Vet Turned Away From VA for PTSD During Mental Illness Awareness Week


U.S. Army Reservist Maj. Leslie Haines was turned away from the Northern Indiana VA Health Clinic on Oct. 9 because the VA staff was attending a speech during Mental Illness Awareness Week.

“Do they see the irony in that?” Haines told the Military Times. “I was thinking, 'I’m glad it wasn’t National Suicide Prevention Day.'”

“When I questioned whether I could reschedule, I was told, 'No' and reminded that I had an appointment scheduled for the following month,” added Haines.

Haines says she has “high-level PTSD," which is made worse by her job of counseling troops and vets in Fort Wayne, Ind.

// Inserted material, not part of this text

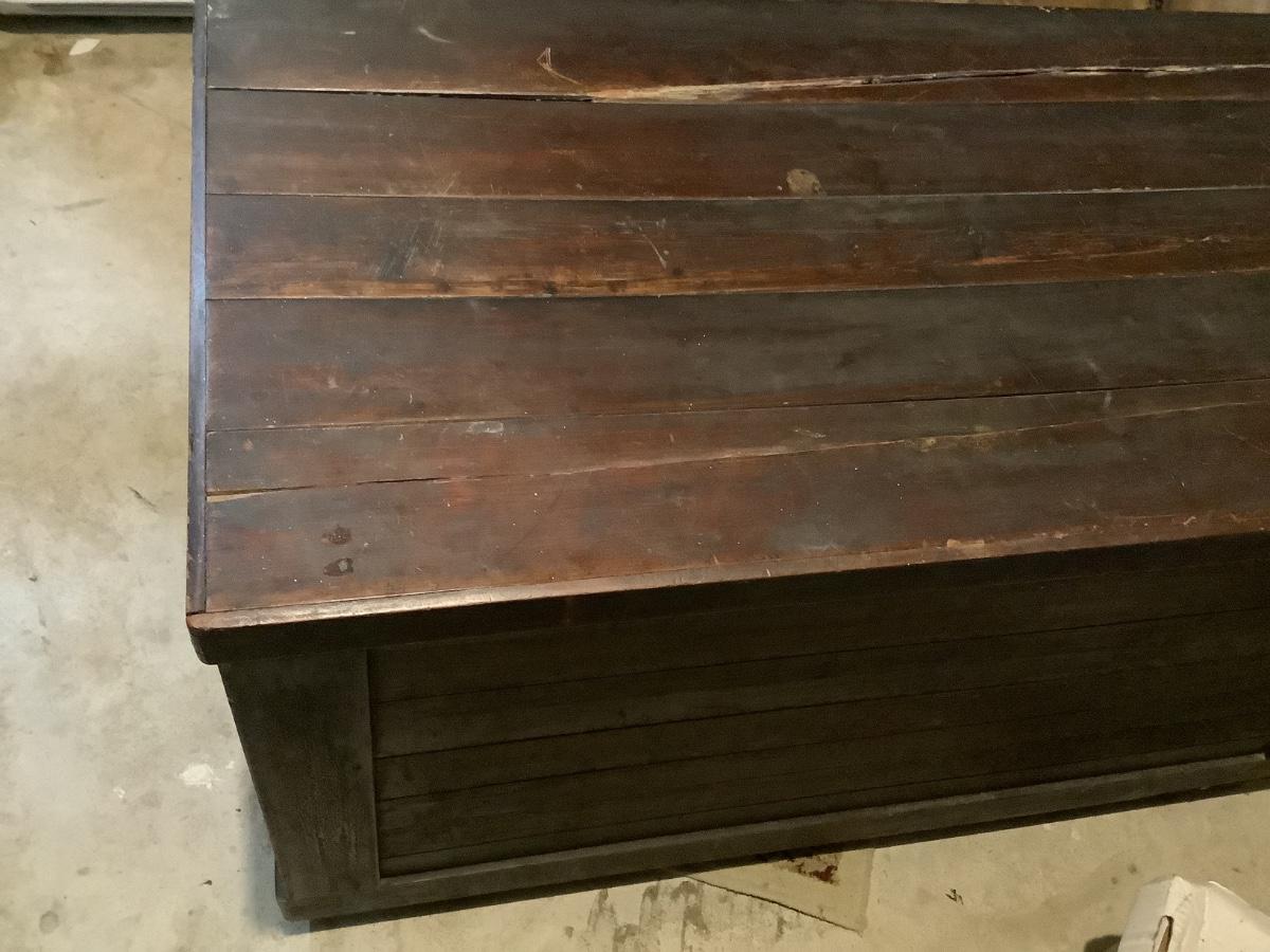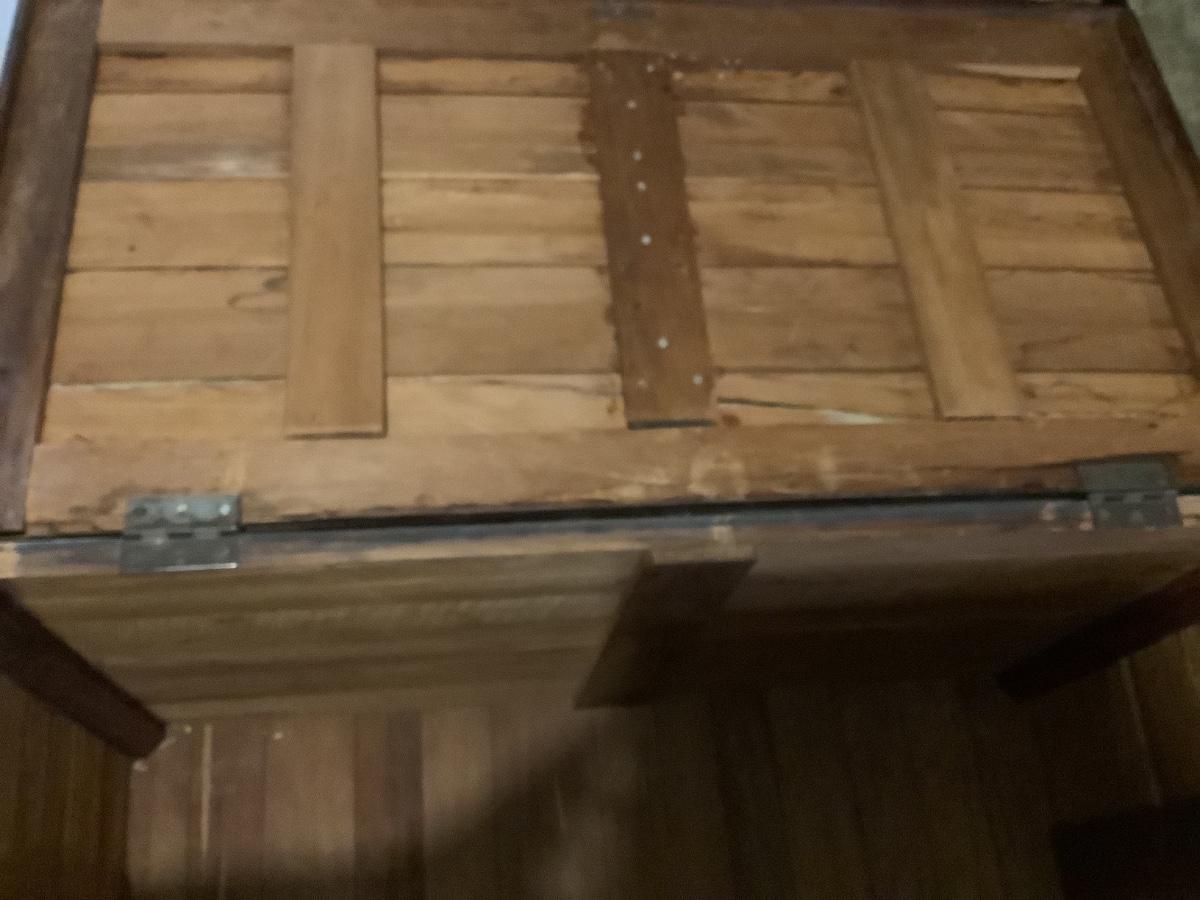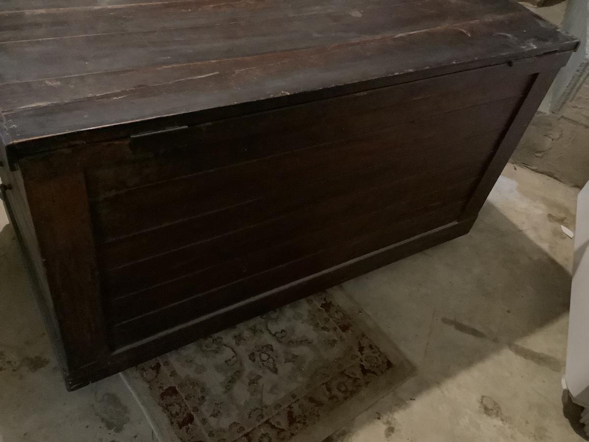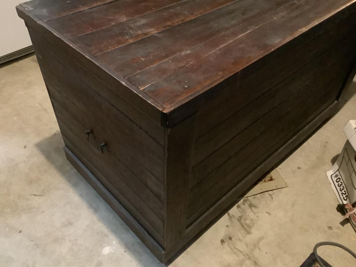 Wooden chest on casters, light weight wood, one split board on top that still holds together, 4 casters

Northern Indiana VA Health Clinic spokesperson Jennifer Baran-Prall told the Military Times that employees were invited to the speech, but not required to go to it.

“There was only one instance in which a veteran was not contacted directly and was instead sent two notifications,” Baran-Prall told Military Times.

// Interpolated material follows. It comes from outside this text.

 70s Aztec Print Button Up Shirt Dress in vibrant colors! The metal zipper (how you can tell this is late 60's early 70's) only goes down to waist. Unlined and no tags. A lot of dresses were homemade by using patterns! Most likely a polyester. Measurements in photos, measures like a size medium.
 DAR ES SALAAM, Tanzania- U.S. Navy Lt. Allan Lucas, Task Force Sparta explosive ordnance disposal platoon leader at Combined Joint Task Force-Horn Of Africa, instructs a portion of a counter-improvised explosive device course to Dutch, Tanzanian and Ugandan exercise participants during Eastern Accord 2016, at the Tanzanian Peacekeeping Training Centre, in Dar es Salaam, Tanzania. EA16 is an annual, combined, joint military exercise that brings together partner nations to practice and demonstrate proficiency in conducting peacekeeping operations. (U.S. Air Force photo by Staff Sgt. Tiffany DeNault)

According to CBS Cleveland, Haines claims that she didn't get any notification and was unable to reschedule via the normal VA appointment line, but her counselor did allow her to come in the following week during his lunchtime.

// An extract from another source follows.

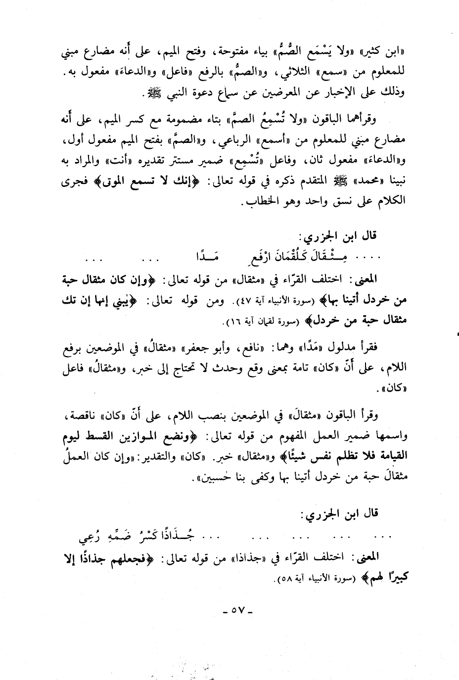 المعنى: اختلف القرّاء في «مثقال» من قوله تعالى: وَإِنْ كانَ مِثْقالَ حَبَّةٍ مِنْ خَرْدَلٍ أَتَيْنا بِها (سورة الأنبياء آية 47). ومن قوله تعالى: يا بُنَيَّ إِنَّها إِنْ تَكُ مِثْقالَ حَبَّةٍ مِنْ خَرْدَلٍ (سورة لقمان آية 16).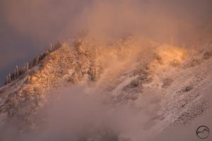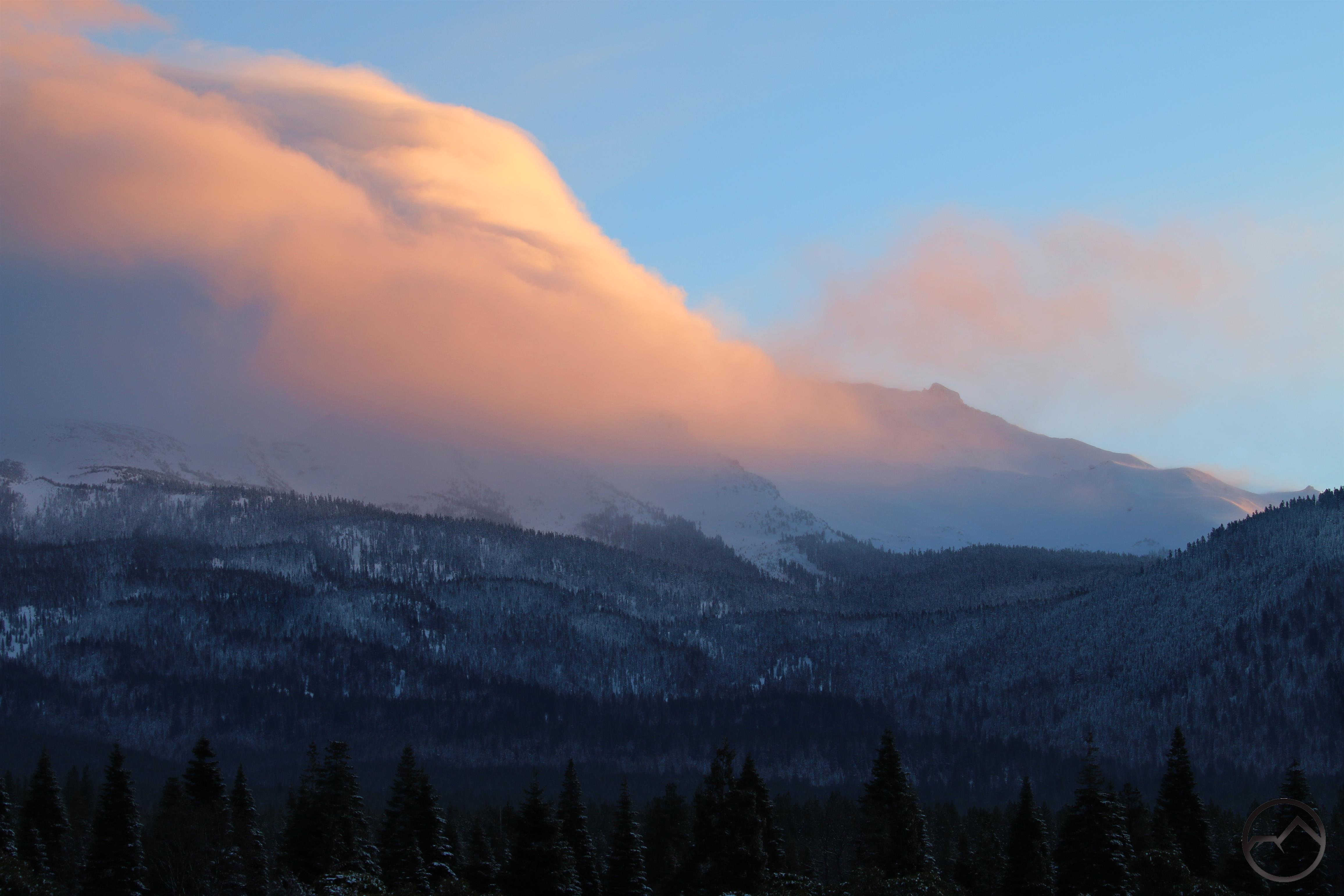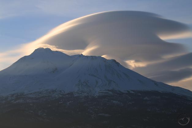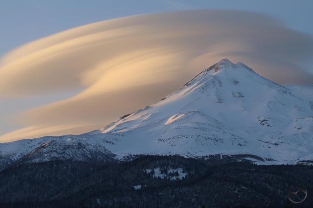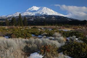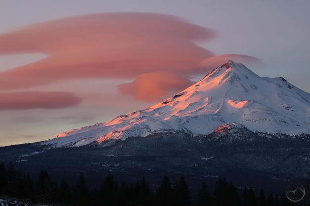 This morning, the first with clear sky in a while, was beautiful. A string of errors kept me from getting on the east side of Mount Shasta but I was able to at least catch the glow along Sargents Ridge as the sun came up this morning. It was just nice to see the mountain, though disappointing to miss the snow flurries all lit up by the rising sun, the view that was surely to be had in McCloud. Needless to say, Mount Eddy and Black Butte were also thoroughly smothered in snow. With Mount Shasta still in shadow on the west side and no unusual clouds to highlight the mountain, these two neighbors offered the more interesting spectacle.

Haines added that she received an apology from the Northern Indiana VA Health Clinic administrator, but filed a complaint with the VA Inspector General to prevent this from happening to other vets.

Republicans have often attacked the Obama administration for some of the poor health care that veterans receive, but the GOP blocked legislation to increase federal healthcare and education programs for veterans, noted Reuters.

Republicans opposed the $24 billion bill that would have created 27 new medical facilities to better serve veterans of the Iraq and Afghanistan wars.